‘A casual coffee/beer’: docs reveal relationship between TC Energy and B.C. premier’s office
Top B.C. government officials deny TC Energy lobbyists have outsized access to decision makers. The...
Dickson Wood is sitting on his back deck listening to a pair of nesting redwing blackbirds chatter in the nearby reeds. He’s pretty sure there are babies in the nest. “They get a little bit more aggressive when the eggs start to hatch,” he says with a chuckle.
It’s peaceful scenes like this one that are reminiscent of his younger days spent exploring the eastern slopes of the Rocky Mountains in and around Clearwater County, west of Red Deer, Alta.
Sixty years ago, when he first started coming to his family’s cottage, the region was what he described as “wilderness territory” — an area with boundless opportunities to hike, fish and camp.

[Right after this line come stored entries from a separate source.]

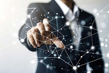 Close-up of a person in a suit interacting with a digital network visualization, their finger appearing to connect nodes in a complex web of data points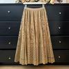 Women Spring Fall High Waist All Match Solid Color Flowers Mesh Pleated Skirt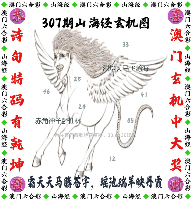 307期:【山海经玄机】开狗20 解释:烈焰天马飞瀚海,赤角神羊卧仙林解牛马猪 解料:霜天天马腾苍宇,瑶池瑞羊映丹霞解猴狗蛇 综合:牛马猴狗蛇猪 |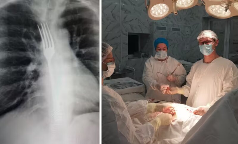 Отмечается, что благодаря профессионализму операционной бригады удалось избежать серьезных осложнений. Во время операции под наркозом вилку частично низвели в желудок, затем выполнили лапаротомию и гастростомию с извлечением инородного предмета. Хорошо, что не произошло вклинение вилки в пищевод, так как это потребовало бы крайне травматичной торакотомии.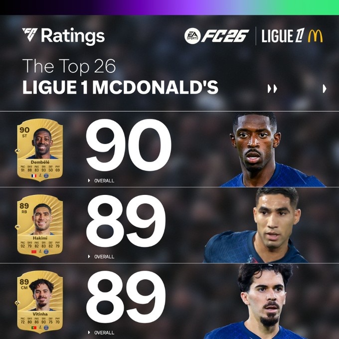 FC26官方法甲球員評分榜:登貝萊90最高,阿什拉夫和維蒂尼亞89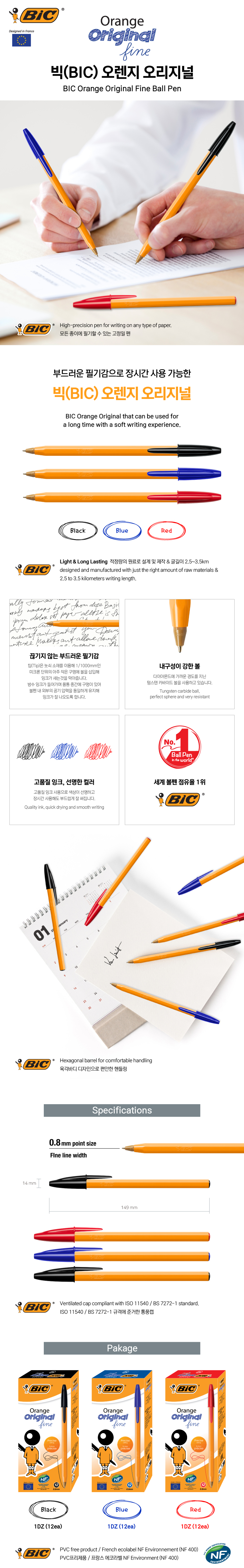 BIC)오렌지볼펜(0.8mm/청/12개입)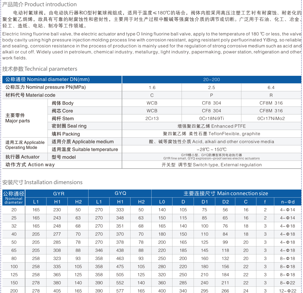 电动51漫画球阀,由电动执行器和O型51漫画球阀组成,适用于温度≤180°C的场合,阀体内腔采用高压注塑工艺衬有耐腐蚀、耐老化的聚全氟乙炳烯,故具有可靠的耐腐蚀性和密封性,主要用于对生产过程中酸碱等强腐蚀介质的调节或切断。普遍用于石油、化工、冶金、轻工、造纸、电站、制冷等工作领域。;
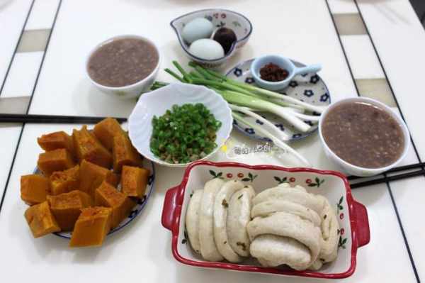 四:蔥花卷+糙米粥+蒸南瓜+酸豆角+煮蛋+無花果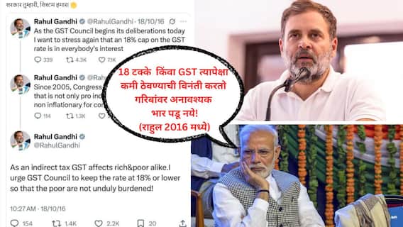 Rahul Gandhi On GST: लोकसभेतील विरोधी पक्षनेते राहुल गांधी यांनी 8 वर्षांपूर्वी म्हणजे 2016 मध्ये जीएसटीवर एक महत्त्वाचे ट्विट केले होते. ज्यामध्ये त्यांनी म्हटले होते, की, जीएसटी हा अप्रत्यक्ष कर म्हणून श्रीमंत आणि गरीब दोघांनाही समान रीतीने प्रभावित करतो. मी जीएसटी परिषदेला 18 टक्के किंवा त्यापेक्षा कमी ठेवण्याची विनंती करतो जेणेकरून गरिबांवर अनावश्यक भार पडू नये! राहुल गांधींच्या त्या विधानाची 2016 मध्ये भाजप आणि मोदी सरकारच्या मंत्र्यांनी खिल्ली उडवली होती. भाजप नेत्यांनी त्यांना पप्पू म्हटले आणि सोनिया टॅक्स असे संबोधून त्यांना ट्रोल केले. 2016 चे राहुल यांचे ट्विट अजूनही भाजपच्या लोकांची खिल्ली उडवत आहे. मोदी सरकारवर अनेकदा राहुल गांधींच्या घोषणा आणि विचारांची नक्कल केल्याचा आरोप केला जातो. पण जीएसटीचा मुद्दा आश्चर्यकारक आहे. 15 ऑगस्ट रोजी लाल किल्ल्याच्या तटबंदीवरून पंतप्रधान मोदींनी घोषणा केली की दिवाळीपर्यंत, पुढच्या पिढीच्या जीएसटी सुधारणांमध्ये फक्त दोन दर असतील: 5 आणि 18 टक्के ऑक्टोबरमध्ये दिवाळीपूर्वी जीएसटी प्रणालीमध्ये पुढील पिढीतील सुधारणांना चालना देण्याच्या उद्देशाने, कमी केलेले कर ओझे सामान्य माणूस, लघु उद्योजक आणि एमएसएमईसाठी दिवाळी भेट असेल.

“Over the years I’ve seen it evolve, frankly sadly,” he tells The Narwhal.
Forestry, oil and gas activity and coal exploration have turned much of the region from what Wood describes as a “pristine” forested area to one chopped up by seismic lines, cutblocks, well pads and boreholes.
On a recent helicopter flight over Clearwater County, The Narwhal got a bird’s eye view of the area, which includes exploration for the Ram River Coal Corporation’s Aries Mine and Valory Resources’ Blackstone project.
Projects like these had many Albertans up in arms over the last year, after the United Conservative Party government announced in May 2020 it had rescinded the longstanding coal policy which prohibited most coal mining in areas like these (known in the policy as category 2 lands).
Alberta’s coal policy — in place since 1976 — allowed for exploration, but getting approval to build an actual coal mine was much more arduous. That changed when the coal policy was rescinded, sparking backlash: ranchers upset over deteriorated water quality, tourism operators concerned about destruction of remaining wilderness and concern over what Wood described as “disingenuous” communication of its plans.
The government dialled back its efforts to open up the eastern slopes to open-pit coal mining, and also eventually paused exploration.
“We admit we didn’t get this one right,” Energy Minister Sonya Savage said at a press conference in February announcing the government’s course-reversal.
But residents and advocates are concerned that many Albertans may view the issue as settled, and for those The Narwhal spoke to, the eastern slopes are far from free of future threats from coal mining.
“Everyone’s let their guard down,” Travis Boschman, a wildlife photographer in Red Deer, told The Narwhal. “I’m happy that [exploration] is stopped for now but I don’t have a lot of faith that it’s going to stop forever.”
This leaves some advocating for not just a reprieve from industrial activity, but a conscious effort to protect the region from the cumulative impacts of numerous industries.
“There are certain areas where it’s a non-starter and the eastern slopes just has to be one of those,” Wood said.
Clearwater County was blanketed in coal leases following the government’s announcement that it would rescind the coal policy.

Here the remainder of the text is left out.